In Alberta’s northwest my family and I have lived in Fox Lake, Garden River, La Crete and High Level. The roads are long and distances travelled influence our cost of living. It can be cost effective to travel south for supplies if you are buying in bulk and stocking up. Yet, buying local permits piecemeal buying as needed and supports local business. We buy groceries here at home. And, I will travel south in the year.

Dunvegan – it is a place I travel through on my way south to Grande Prairie; with the suspension bridge crossing the Peace River, it is a place I know by sight; it became a place I would investigate. Fifteen years would pass before indigenous Art, Alberta history and site use would coalesce with it being a fixed name in my mind – Dunvegan. Like other points along the Peace River you descend into this river valley. A road cuts a long two-kilometre gradient into each valley wall, north and south, to ease the braking efforts of heavy-laden transport trucks. At the lowest point, you cross the kilometre-wide Peace River on a yellow and brown suspension bridge. Then you accelerate moving up and out of the river valley – south towards Rycroft, north towards Fairview. Dunvegan is the name given to the plateau area under and surrounding the north side of the bridge.

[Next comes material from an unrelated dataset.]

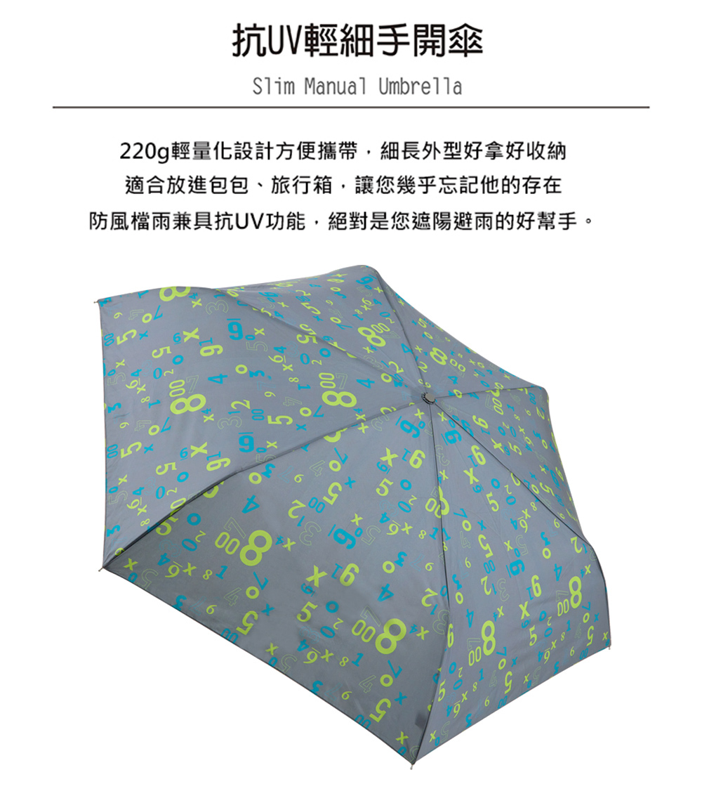 RAINSTORY數字方程式抗UV手開輕細口紅傘

Seeing Dunvegan – I would see Dunvegan in indigenous paintings at Grande Prairie Art galleries. The contour of the land folding down from a high river bank to plateau holds the eye. With skilled use of colour and light, the painter could draw attention to sacred place and practices. Longing for old ways was found in such Art. Still though, I was not recognizing these paintings as the area I travelled through a couple of times a year.

Dunvegan took hold in my classroom with my students. Each day, along with our school, students and staff read for 15 minutes. ‘Drop Everything And Read’ (DEAR) saw my students return to one book for regular reading, ‘Alberta Ghost Stories.’ One tale in the book told of a ghost sighting in an upper room in one of the old Dunvegan historical buildings. From what I recall, as with most ghost stories, light dwindles well past dusk. A living and breathing mortal is walking outside the house. He feels compelled to look up and sees someone or something looking at him. There is surprise, impact and connection in seeing and in being seen. The tale’s impact is greater finding out that the house has been shut-up for decades with no way in. Readers in my class always discussed what they thought was going on … offering speculation. The story became real to them. Like me, my students and their parents traveled through Dunvegan on their way to Grande Prairie. Often, they would stop at Dunvegan for lunch or a smoke break. The Dunvegan story held their imagination and during a travel break they would investigate as far as they dared. My students’ stories of being in Dunvegan would return with them to class every few months.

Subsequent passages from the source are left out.